Я вновь прислушалась к ощущениям в груди. Теперь там что-то вибрировало, как если бы внутри струилась жидкость. Пугающее, но при этом совершенно экзотическое чувство – словно в груди прорыли каналы и по ним, бурля, хлынула вода. Из каких же недр моего организма она взялась? Сквозь страх я чувствовала, что становлюсь чем-то иным, нежели была до рождения ребенка, – словно ученый из американского фильма, что, проведя неудачный эксперимент, начал превращаться в муху. Мой эксперимент был явно неудачен. Что уготовано за это мне?

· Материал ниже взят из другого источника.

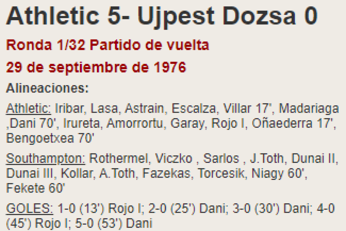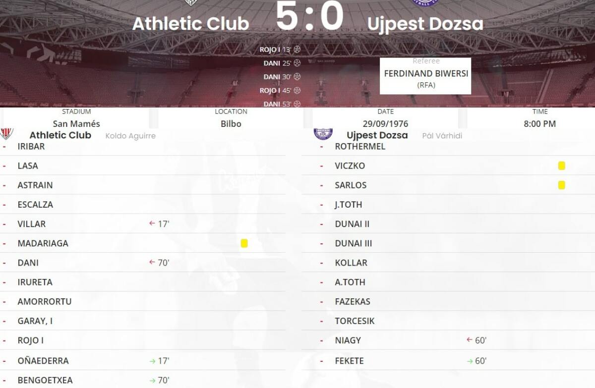 «Атлетик Клуб де Бильбао» Бильбао - «Уйпешт Дожа» Будапешт - 5:0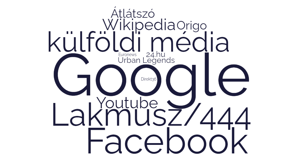 4. A Google-keresés a leggyakoribb módszer, míg a Lakmusz a legtöbbet használt tényellenőrző oldal. A tényellenőrző eszközöket, módszereket alkalmazók közül a legtöbben a Google keresőjét hívják segítségül, ha egy általuk gyanúsnak talált információ hitelességét kívánják ellenőrizni. Többen a vélhetően megbízhatóbbnak tartott külföldi médiumokon néznek utána, mások a Facebookot használják ugyanerre. Hasonló a Lakmusz/444.hu páros említettsége is, ami így a tényellenőrző oldalak közül a leggyakrabban használt lett.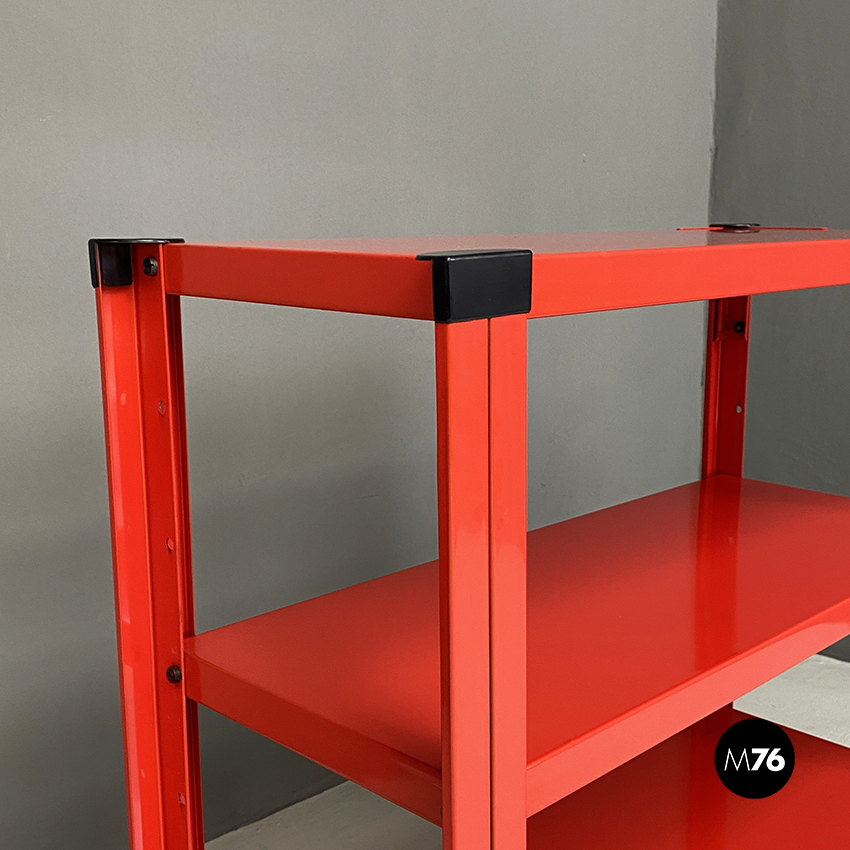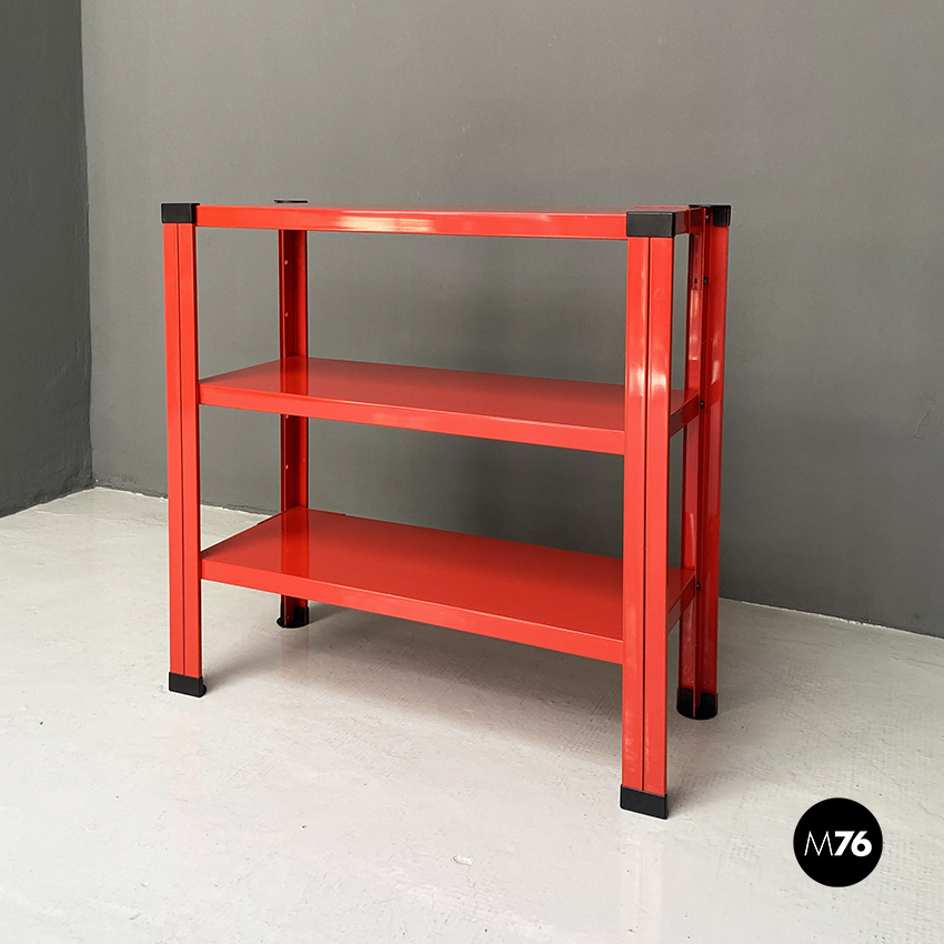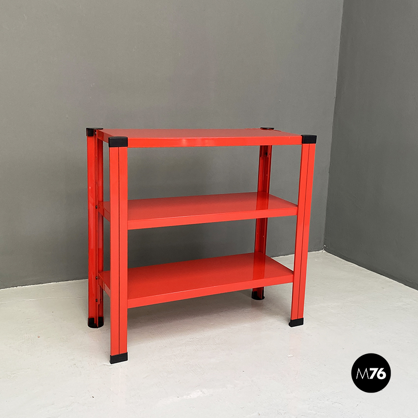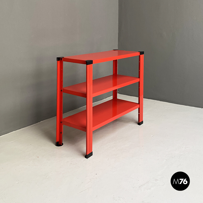 Libreria a tre ripiani in metallo verniciata in rosso con dettagli in plastica nera.
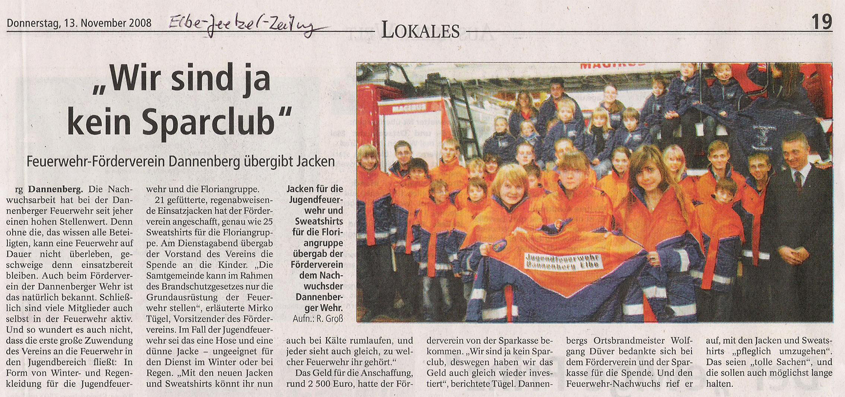 13.11.2008 - Elbe-Jeetzel-Zeitung über Parka für die Jugendfeuerwehr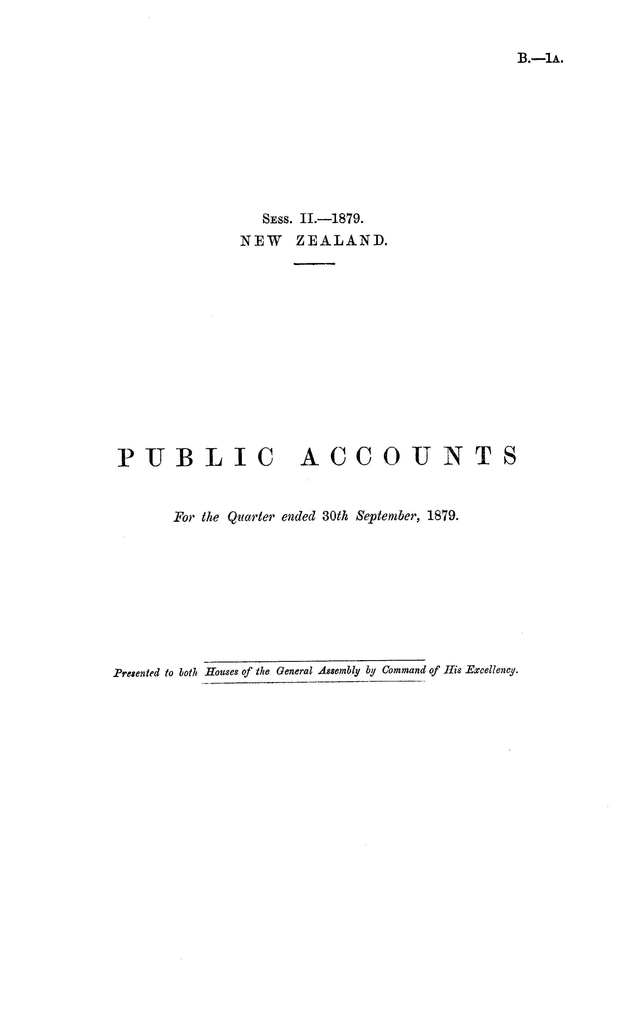 PUBLIC ACCOUNTS For the Quarter ended 30th September, 1879.

Сон отошел. Взглянув на лежащего рядом ребенка, я заметила, что у того открыты глаза (пока еще мутно-голубые и бессмысленные). Значит, подошло время еды – пока еще ребенок просыпался лишь за этим. Мне смертельно не хотелось вылезать из постельного тепла и, подрагивая, бежать на кухню. Я решила хоть чуть-чуть потянуть время: пододвинула ребенка к себе и прижалась щекой к его макушке. У детской головы был тонкий и трогательный аромат – казалось, что обычный человеческий запах тысячу раз отфильтровали и добавили в него нечто непостижимо нежное и теплое. Эта голова была такой причудливой, несоразмерной, со своим крошечным личиком и огромным затылком – как она только держалась на такой неимоверно тонкой шее? Я поплотнее прижала ребенка к себе в неосознанном порыве защитить столь неприспособленное к жизни существо.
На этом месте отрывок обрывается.